The findings reported here do not provide support for the notion that assessment, in and of itself, will necessarily increase performance orientation in students.  Formative assessment can be a valuable tool for supporting positive student outcomes and, as our findings suggest, does not necessarily interfere with the development of a mastery orientation or foster a performance orientation in students.

 

Endnotes

[1] This research was supported by a grant from Renaissance Learning, Inc.  The findings and opinions expressed are those of the authors alone and do not necessarily reflect the opinions of Renaissance Learning, Inc.

 

References

Ames, C. (1992).  Classrooms: Goals, structures, and student motivation.  Journal of Educational Psychology, 84, 261-271.

 

Elliot, A. J., & McGregor, H. A. (2001). A 2 X 2 achievement goal framework. Journal of Personality and Social Psychology, 87, 501-519.

 

Kaplan, A., Middleton, M., Urdan, T., & Midgley, C. (2002). Achievement goals and goal structures. In C. Midgley (Ed.), Goals, goal structures, and patterns of adaptive learning. Hillsdale, NJ: Erlbaum.

 

Midgley, C. Kaplan, A. & Middleton, M. (2001). Performance-approach goals: Good for what, for whom, under what circumstances, and at what cost?  Journal of Educational Psychology, 93, 77-86.

 

Midgley, C., Maehr, M. L., Hruda, L. Z., Anderman, E., Anderman, L., Freeman, K. E., Gheen, M., Kaplan, A., Kumar, R., Middleton, M. J., Nelson, J., Roeser, R., & Urdan, T., (2000).  Manual for the Patterns of Adaptive Learning Scales (PALS), Ann Arbor, MI: University of Michigan.

 

Patrick, H., Turner, J. C., Meyer, D. K., & Midgley, C. (2003).

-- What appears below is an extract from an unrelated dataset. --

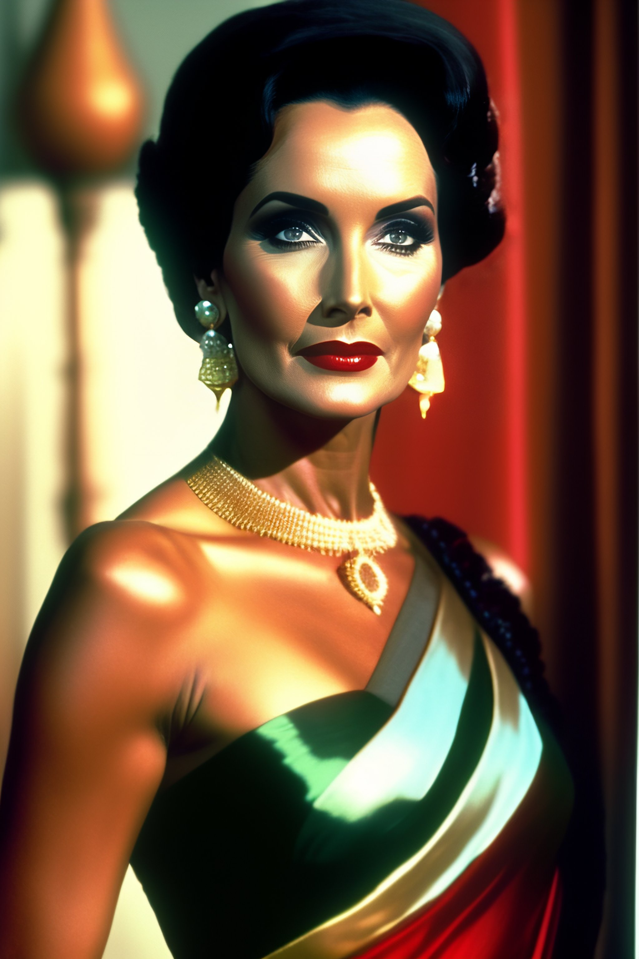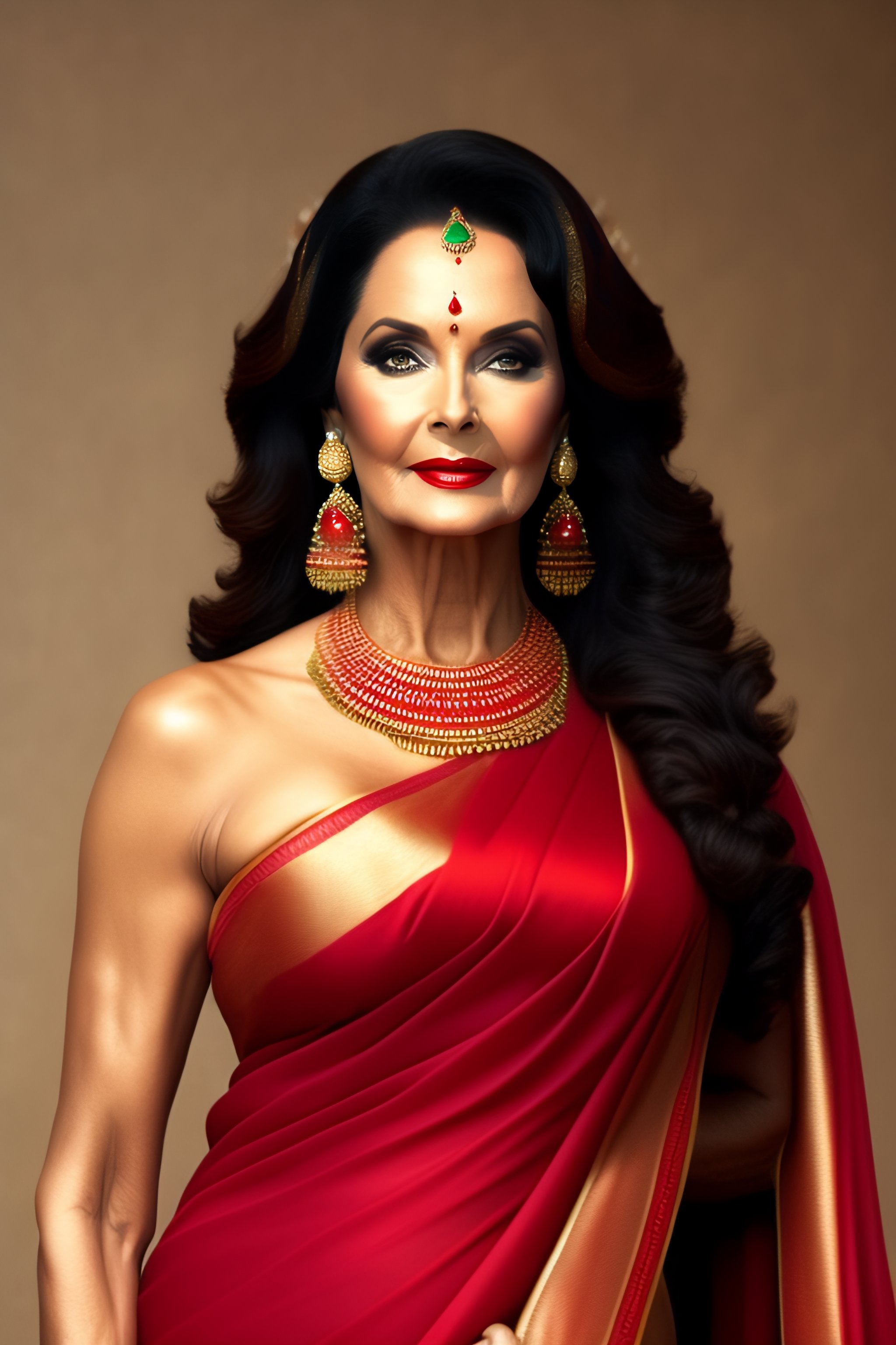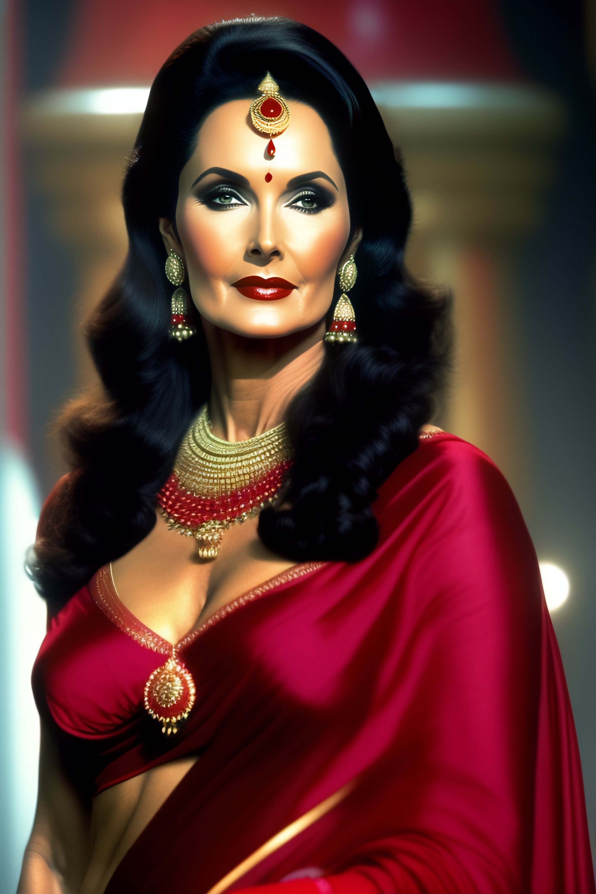 Lynda carter, wearing saree, navel and abs visible, very tall, hour glass waist, red lipstick, wearing jewellery, serious face
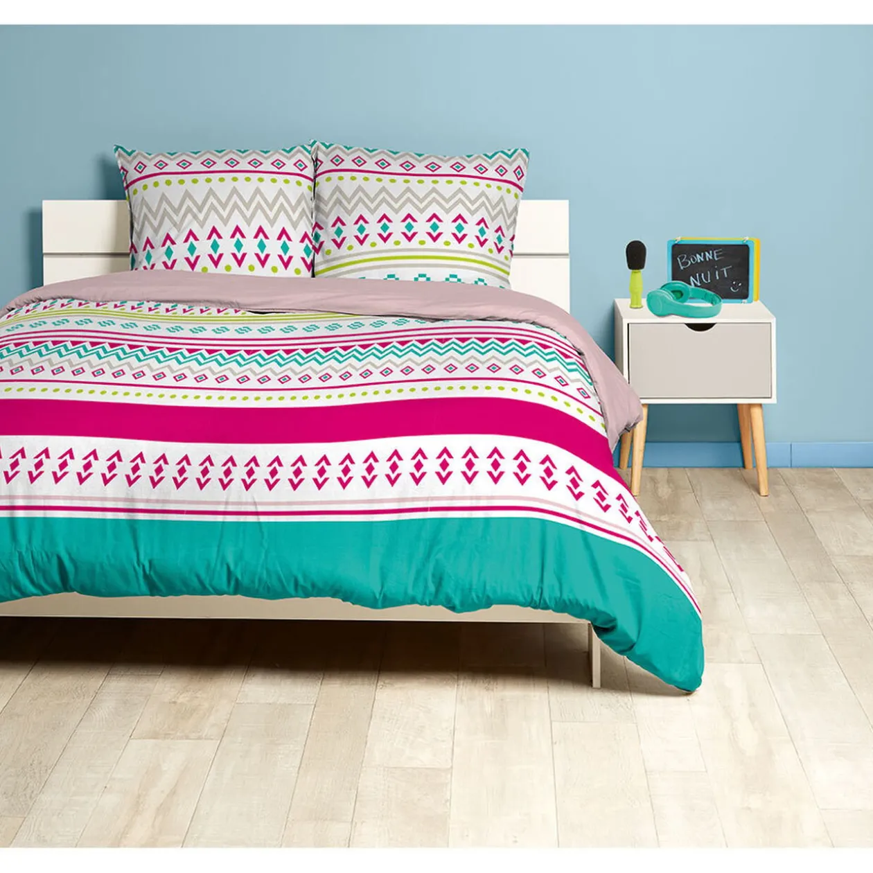Craquez pour cette parure de lit avec imprimé graphique multicolore! Son design coloré et tendance sublimera votre chambre.

How teachers establish psychological environments during the first days of school: Associations with avoidance in mathematics. Teachers College Record, 105, 1521-1558.

 

Paul, T. D. (2003). Guided independent reading: An examination of the reading practice database and the scientific research supporting guided independent reading as implemented in reading renaissance. Retrieved April 21, 2005, from Reading Renaissance Web site: http://www.renlearn.com/GIRP2008.pdf.

 

Pavonetti L.M., Brimmer K. M., & Cipielewski J. F. (2000). Accelerated reader: What are the lasting effects on the reading habits of middle school students exposed to Accelerated Reader in elementary grades?  Journal of Adolescent and Adult Literacy, 46, 300-311.

 

Pintrich, P. R. (2000). Multiple goals, multiple pathways: The role of goal orientation in learning and achievement. Journal of Educational Psychology, 92, 544-555.

 

Pintrich, P.R. & Schunk, D.H. (2002). Motivation in Education: Theory, Research, and Applications. Upper Saddle River, NJ: Merrill Prentice Hall.